++++ COLLECTED MATERIAL ++++

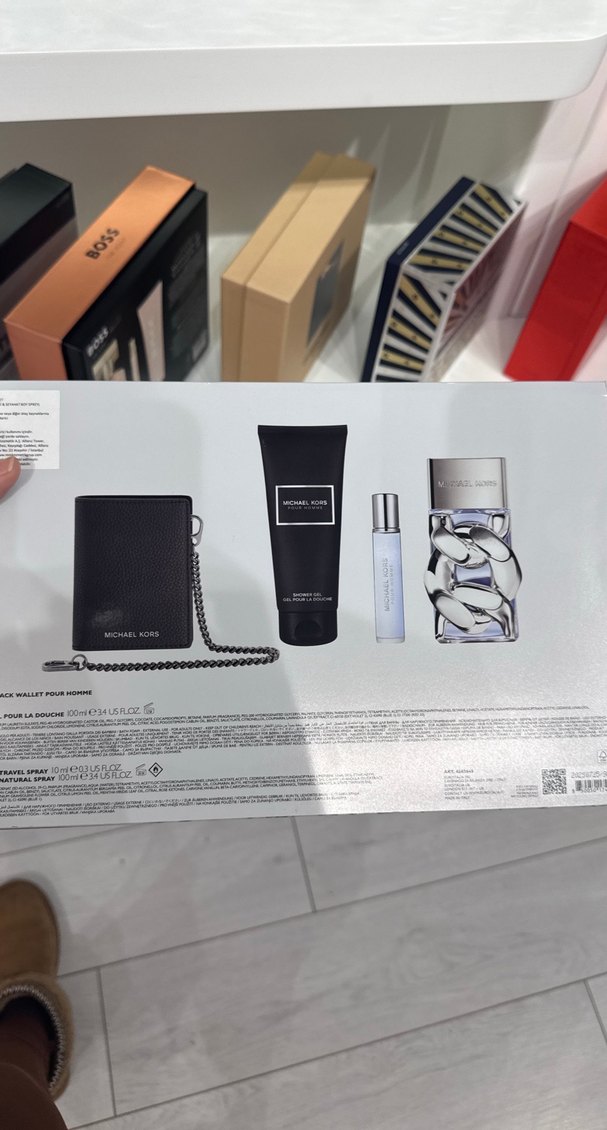 Michael Kors erkek parfüm seti, zincir detaylı gri cüzdan, siyah duş jeli, seyahat spreyi ve zincir tasarımlı parfüm şişesinden oluşur. Minimalist ve çağdaş tarz için ideal.
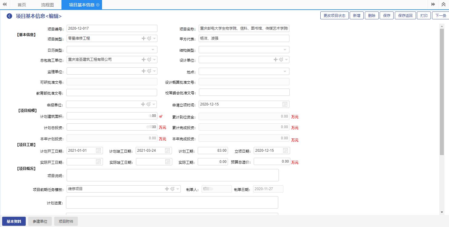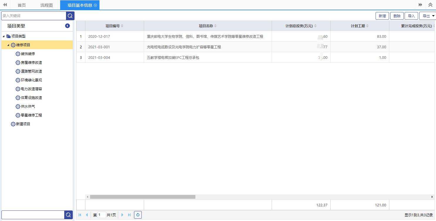 Ҏ(gu)重邮基徏处的M规划Q在pȝ中主要管理二c项目:(x)新徏目、维修项目?/p>
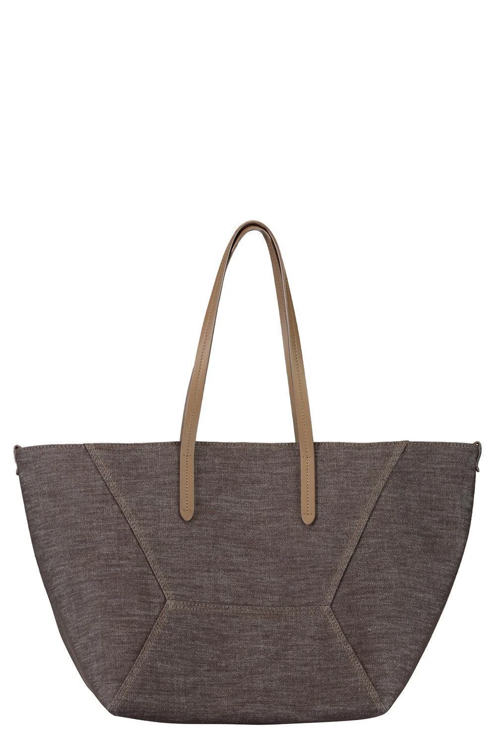 DETAILS AND INSIGHT Brunello Cucinelli bc duo bag in chocolate. 100% COTTON Magnetic snap closure, Internal pocket with zip closure 20.87 x 9.06 x 10.63" Fits Iphone 16 Pro Max Made in Italy Style MB25D2571-C003

++++

• **EXERCISE**:
The reply must consist of the complete listing, reproduced exactly, with no images.

• **TASK SOLUTION**:
 Michael Kors erkek parfüm seti, zincir detaylı gri cüzdan, siyah duş jeli, seyahat spreyi ve zincir tasarımlı parfüm şişesinden oluşur. Minimalist ve çağdaş tarz için ideal.
 Ҏ(gu)重邮基徏处的M规划Q在pȝ中主要管理二c项目:(x)新徏目、维修项目?/p>
 DETAILS AND INSIGHT Brunello Cucinelli bc duo bag in chocolate. 100% COTTON Magnetic snap closure, Internal pocket with zip closure 20.87 x 9.06 x 10.63" Fits Iphone 16 Pro Max Made in Italy Style MB25D2571-C003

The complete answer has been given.